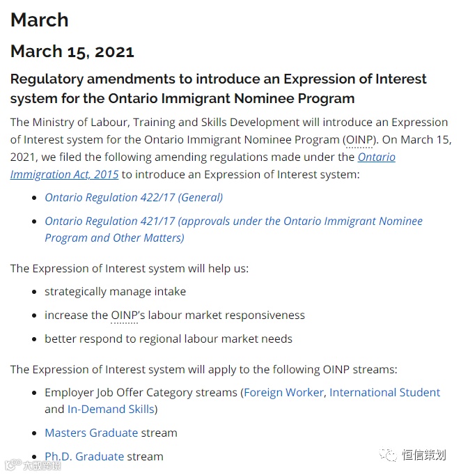 加拿大当地时间2021年3月15日,安省移民局公布即将对省提名移民项目实行打分制(EOI),细则将在未来数周出台。
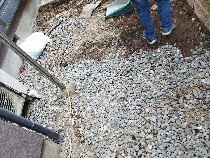 土を掘削して砕石層を作って転圧していきます。砕石層10センチ、コンクリート厚10センチを目安に施工していきます。
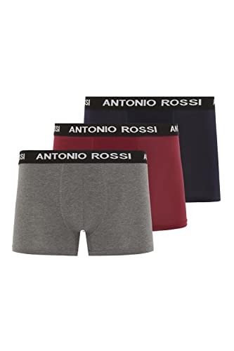 ANTONIO ROSSI (3/6 Pack) Men's Fitted Boxer Hipsters - Mens Boxers Shorts Multipack with Elastic Waistband - Cotton Rich, Comfortable Mens Underwear, Grey, Burgundy, Navy (3 Pack), S
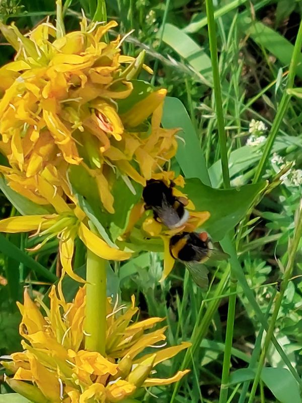 Und neben dem Weg entdeckten wir üppig blühendes Knabenkraut und gelben Enzian, in den sich Hummeln tummelten. Auch das Wetter machte optimal mit: Sonne, mit ein paar Wolken gerade als wir über eine weite Wiesenfläche wanderten.

** Task to carry out **
Return all of the material above unchanged, minus its pictures.

** Answer for this exercise **
 加拿大当地时间2021年3月15日,安省移民局公布即将对省提名移民项目实行打分制(EOI),细则将在未来数周出台。
 土を掘削して砕石層を作って転圧していきます。砕石層10センチ、コンクリート厚10センチを目安に施工していきます。
 ANTONIO ROSSI (3/6 Pack) Men's Fitted Boxer Hipsters - Mens Boxers Shorts Multipack with Elastic Waistband - Cotton Rich, Comfortable Mens Underwear, Grey, Burgundy, Navy (3 Pack), S
 Und neben dem Weg entdeckten wir üppig blühendes Knabenkraut und gelben Enzian, in den sich Hummeln tummelten. Auch das Wetter machte optimal mit: Sonne, mit ein paar Wolken gerade als wir über eine weite Wiesenfläche wanderten.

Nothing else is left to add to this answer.